In this issue of Blood, Stemberger et al show that the progeny of a single CD62Lhi cell can provide protection against bacterial challenge and that ultra-low doses of cytomegalovirus (CMV)-specific CD8+ T cells can expand greatly in humans.1
Drug-based therapy has long been a mainstay of disease treatment, but cells are playing a broader role in modern medicine. The pharmacokinetics of drugs are often measured in months or days, but living cells can persist in the host for months and years and in many cases a lifetime. Classic experiments by Weisman showed that small numbers of hematopoietic stem cells were capable of saving 50% of lethally irradiated mice and of proliferating and differentiating into all blood cell types.2 What has become most surprising is that stem cell–like properties exist in a wide variety of adult human cells including in the gut, skin, and even in the central nervous system. In addition, qualities of “stemness” (multipotency and self-renewal) exist in cellular compartments not previously expected to contain stem cell–like cells, such as in certain subpopulations of postthymic T cells.3,4
In this issue of Blood, Stemberger et al observe that cells contained within the CD62Lhi populations of CD8+ T cells have the stem cell–like property of persistence, confirming earlier observations.5 The finding that CD62Lhi antigen-specific T cells are more persistent than more differentiated CD62Llo cells is consistent with linear models of T cell differentiation.6,7 Thus less differentiated or “younger” memory cells developmentally precede effector cells (see figure). The observation that CD62Llo cells do not engraft strikes a blow to the notion that more differentiated effector cells give rise to memory cells as has been purported by Ahmed and colleagues.8
The clear advantage of using small numbers of T cells with stem cell–like properties is that they are likely to be oligoclonal, minimizing graft-versus-host disease.1 In an interesting extension of this mouse work, Stemberger et al treated patients that had received an allogeneic hematopoietic stem cell transplant (HSCT) with low doses of streptamer-enriched human CMV-specific CD8+ T cells and found robust pathogen-specific T-cell expansion. The authors obtained some interesting clinical correlates to these data suggesting that tiny numbers of administered cells (∼5000 cells per kg) were clinically effective.

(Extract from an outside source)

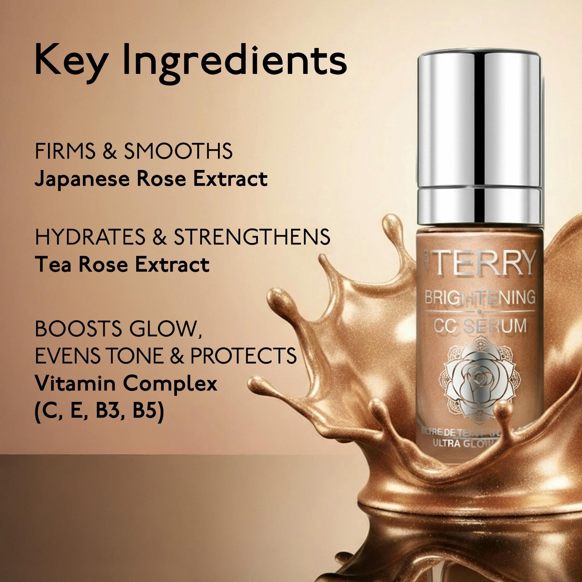 Its ultra-lightweight, fluid texture melts seamlessly into the skin, instantly correcting and illuminating for a naturally luminous, perfected finish. Day after day, skin appears firmer, smoother and visibly more radiant. Suitable for all skin types and designed to adapt to any routine, Brightening CC Serum is the ultimate hybrid essential, uniting skincare and makeup for timeless radiance.
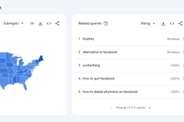 Sontak kebijakan ini membuat warga AS ingin menghapus akun mereka yang terafiliasi dengan Meta. Dilaporkan TechCrunch,kata kunci yang berkaitan dengan cara menghapus akun Facebook,dan Threads meningkat drastis di mesin pencari (search engine) Google Search.

If one thinks of these cells as a drug, the drug would be administered as a single, one-time dose that is very small indeed. If 109 T cells weigh 1 g, then 5000 T cells per kg would be the equivalent of giving a single dose of a drug at just 5 μg/kg. Cells are “living therapy” capable of expanding and persisting for the life of the host. The authors do not break down the subtype of the cells that they infuse, but it is interesting to speculate that the cell infusions were composed of some component of postthymic stem-like T cells. The doses of highly effective cells might be very small indeed, and it seems plausible that even a single T cell might be able to repopulate an individual and trigger lifelong protection from specific viruses and even cure large, established cancers.
Antiviral T cells can come in numerous cell subtypes, including CD62L+ T memory stem cells (TSCM), a subset capable of massive proliferation and indefinite persistence. Although it is too early to say whether stem cell–like populations of lymphocytes will be highly effective as approved treatments for cancer or infectious diseases, the properties of human TSCM have been recently elucidated.9 The advantage of treating lymphodepleted hosts, including patients postallogenic HSCT, is that high levels of circulating “homeostatic cytokines” such as interleukin-7 and interleukin-15 can trigger robust T-cell proliferation.10
These efforts should now be expanded in order for promising but still unapproved cellular therapies to be become part of medical practice. Trials must be done to treat patients beyond the still-small patient cohorts that have entered into clinical trials and beyond the very few diseases that have experimentally treated to date. Academic and commercial investment must be devoted to culturing good manufacturing practice–quality cells for infusion into patients to increase capacity.
A great deal of basic science will be required to improve the use of cellular therapies. A growing array of biological tools is increasingly available to the biomedical research community that allows manipulation and transfer of cells or tissues, autologous or allogeneic, genetically engineered and/or epigenetically reprogrammed to treat or prevent disease. Gene modification might enable the improvement of cell-based therapies, and these include not just the addition of new genes but their removal as well.
The possibilities for application of emerging biological concepts in epigenetics, regenerative medicine, cellular reprogramming, immunotherapy, and genetic engineering for treatment of dread disease are innumerable. Unlike drugs, which require major investment from pharmaceutical companies, progress in cell-based therapies has thus far been driven largely by academics. New cell therapies could soon be in use for the treatment of infectious diseases, cancer, immunodeficiencies, monogenic disorders, and degenerative diseases. With Stemberger et al’s novel confirmation of the big bang theory of stem cell–like T cells, the universe is likely be a rapidly expanding place.
Conflict-of-interest disclosure: The author declares no competing financial interests.